THE TASK. Starting at the line with "It’s not only" and ending at the line with "Lilla reflex regntøy", print exactly the lines of the entries below. Pictures do not belong in the copy.

MATERIAL SUPPLIED.
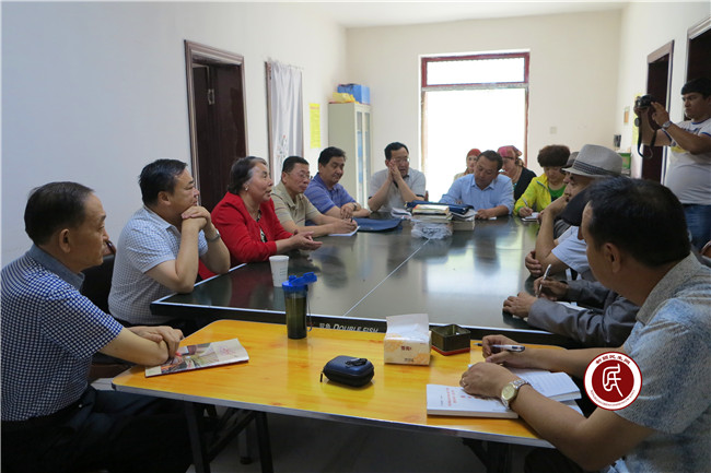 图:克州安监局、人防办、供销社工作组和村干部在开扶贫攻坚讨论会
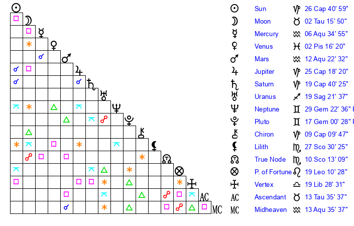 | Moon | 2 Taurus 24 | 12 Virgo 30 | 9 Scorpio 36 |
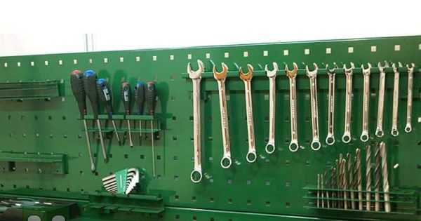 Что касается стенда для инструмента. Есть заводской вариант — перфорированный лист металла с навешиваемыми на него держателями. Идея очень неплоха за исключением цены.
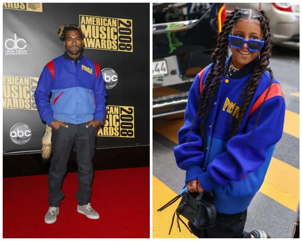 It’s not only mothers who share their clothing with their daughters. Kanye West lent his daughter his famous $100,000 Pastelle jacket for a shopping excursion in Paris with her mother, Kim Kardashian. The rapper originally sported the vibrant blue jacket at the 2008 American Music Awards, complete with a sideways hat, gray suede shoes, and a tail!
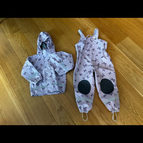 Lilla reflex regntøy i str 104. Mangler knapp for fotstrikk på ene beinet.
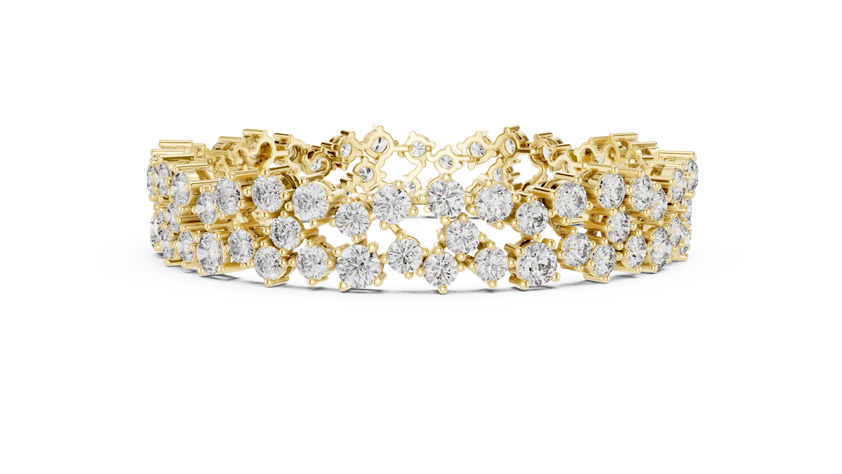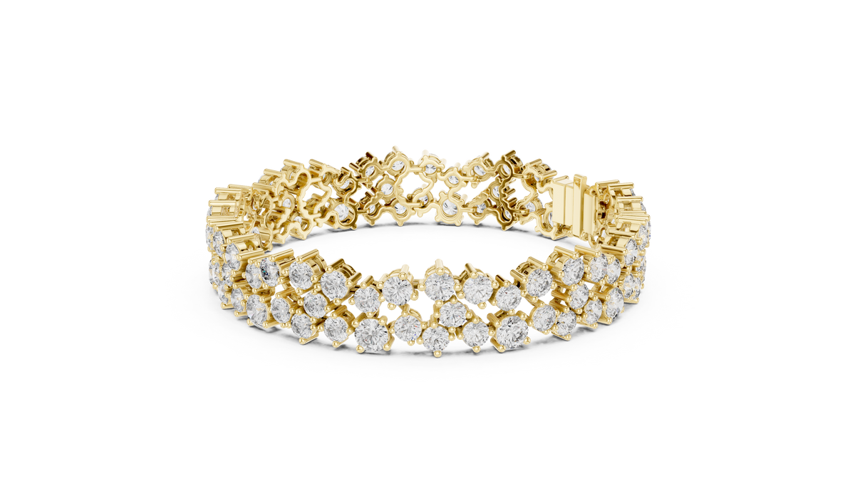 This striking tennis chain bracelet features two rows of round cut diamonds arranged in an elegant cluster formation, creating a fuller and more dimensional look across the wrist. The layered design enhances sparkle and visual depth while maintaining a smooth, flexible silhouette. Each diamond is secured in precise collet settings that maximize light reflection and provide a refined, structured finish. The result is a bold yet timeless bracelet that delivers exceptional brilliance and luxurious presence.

THE COMPLETED TASK.
 It’s not only mothers who share their clothing with their daughters. Kanye West lent his daughter his famous $100,000 Pastelle jacket for a shopping excursion in Paris with her mother, Kim Kardashian. The rapper originally sported the vibrant blue jacket at the 2008 American Music Awards, complete with a sideways hat, gray suede shoes, and a tail!
 Lilla reflex regntøy i str 104. Mangler knapp for fotstrikk på ene beinet.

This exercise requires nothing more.